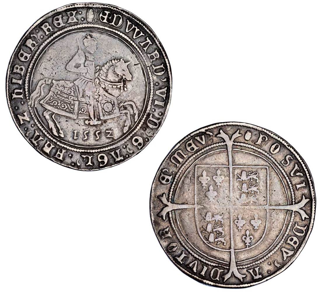England. House of Tudor. Edward VI (1547-1553). Fine Silver issue. Crown, 1552, mm: tun. 30.89 gms. King astride war horse right, date below, rev. Shield on cross. S.2478. Some weakness of strike reverse center. Rich medium gray with light iridescent hues. Good Fine.
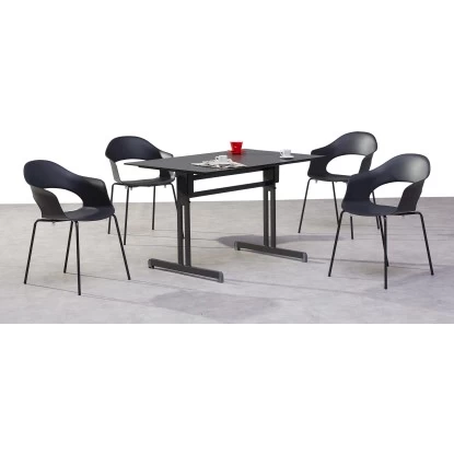 Der Best Stapelsessel Luna mit stabilem Stahlgestell ist verzinkt und in der Farbe Anthrazit pulverbeschichtet, was ihn absolut witterungsbeständig macht. Die ergonomische Sitzschale ist besonders robust und wetterfest und für den Dauereinsatz im Freien bestens geeignet.
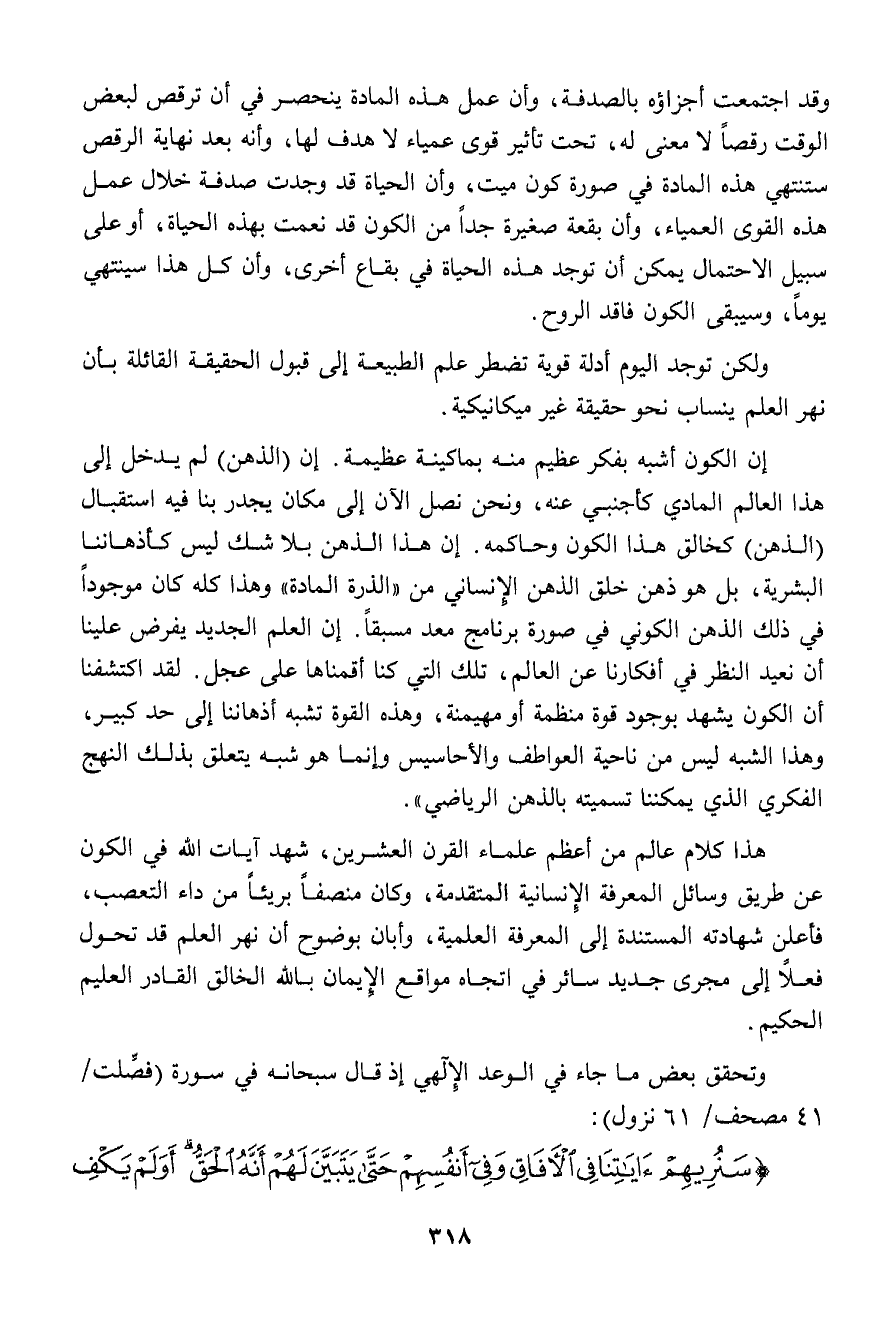 وقد اجتمعت أجزاؤه بالصدفة، وأن عمل هذه المادة ينحصر في أن ترقص لبعض الوقت رقصاً لا معنى له، تحت تأثير قوى عمياء لا هدف لها، وأنه بعد نهاية الرقص ستنتهي هذه المادة في صورة كون ميت، وأن الحياة قد وجدت صدفة خلال عمل هذه القوى العمياء، وأن بقعة صغيرة جداً من الكون قد نعمت بهذه الحياة، أو على سبيل الاحتمال يمكن أن توجد هذه الحياة في بقاع أخرى، وأن كل هذا سينتهي يوماً، وسيبقى الكون فاقد الروح.
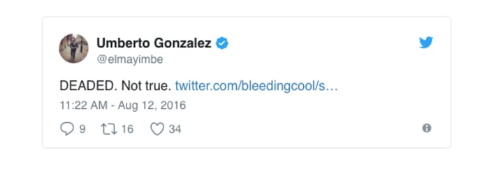 That being said, it's best to be cautious with these rumors. I recommend going by what I call the 'Rule of Three' - when three sources independently state the rumor, it can be considered true. Bleeding Cool's word isn't quite enough for me. Umberto Gonzalez, of Heroic Hollywood fame, wasn't impressed by Bleeding Cool's rumor:
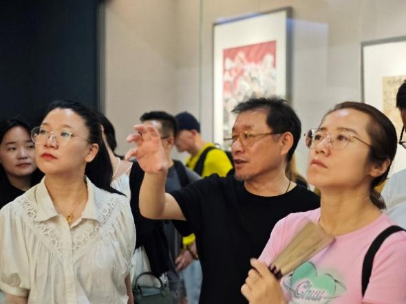 白林坡老师以陕西省美术博物馆为原点,介绍了场馆在设展览的空间布局与动线规划,提醒学员在展览策划过程中要充分考虑展馆的结构、布局以及展览空间的有效利用,自觉增强展览的空间感与立体性,充分发挥艺术作品的独特感染力与不朽魅力。随后,白老师带领学员完整体验展览动线,并就每件展品进行具体说明,他指出,美术馆的展藏体系,要做到作品的代表性、经典性与艺术性兼具,深入挖掘藏品背后的故事,在彰显藏品本体价值的同时放大其附加价值。白老师对展品的来源进行介绍,他提出,美术馆的藏品来源不外乎接收捐赠、征集购买、以展代藏等形式,在策展实践中,要重视对展品来源的梳理,完善展品的说明介绍方式,对每件展品的具体内涵了然于心。白老师结合展出的具体画作,对作品的创作背景、技法、风格等进行专业解析,认为笔墨的背后是艺术家们对民族文化的自信与自省,是对生活现实的激情与温情,更是对理想的渴求和艺术的虔诚,高度与深度兼备,他以此提醒学员在策展实践中要注意对展品的甄别,选择具有时代性、人民性、艺术性的优秀艺术作品。
--------------------------------
What you are asked to do => Final task for the records above: print exactly the lines from the one that contains "That being said, it's" through the last line, both ends included, pictures excluded.

Solution to the exercise =>
 That being said, it's best to be cautious with these rumors. I recommend going by what I call the 'Rule of Three' - when three sources independently state the rumor, it can be considered true. Bleeding Cool's word isn't quite enough for me. Umberto Gonzalez, of Heroic Hollywood fame, wasn't impressed by Bleeding Cool's rumor:
 白林坡老师以陕西省美术博物馆为原点,介绍了场馆在设展览的空间布局与动线规划,提醒学员在展览策划过程中要充分考虑展馆的结构、布局以及展览空间的有效利用,自觉增强展览的空间感与立体性,充分发挥艺术作品的独特感染力与不朽魅力。随后,白老师带领学员完整体验展览动线,并就每件展品进行具体说明,他指出,美术馆的展藏体系,要做到作品的代表性、经典性与艺术性兼具,深入挖掘藏品背后的故事,在彰显藏品本体价值的同时放大其附加价值。白老师对展品的来源进行介绍,他提出,美术馆的藏品来源不外乎接收捐赠、征集购买、以展代藏等形式,在策展实践中,要重视对展品来源的梳理,完善展品的说明介绍方式,对每件展品的具体内涵了然于心。白老师结合展出的具体画作,对作品的创作背景、技法、风格等进行专业解析,认为笔墨的背后是艺术家们对民族文化的自信与自省,是对生活现实的激情与温情,更是对理想的渴求和艺术的虔诚,高度与深度兼备,他以此提醒学员在策展实践中要注意对展品的甄别,选择具有时代性、人民性、艺术性的优秀艺术作品。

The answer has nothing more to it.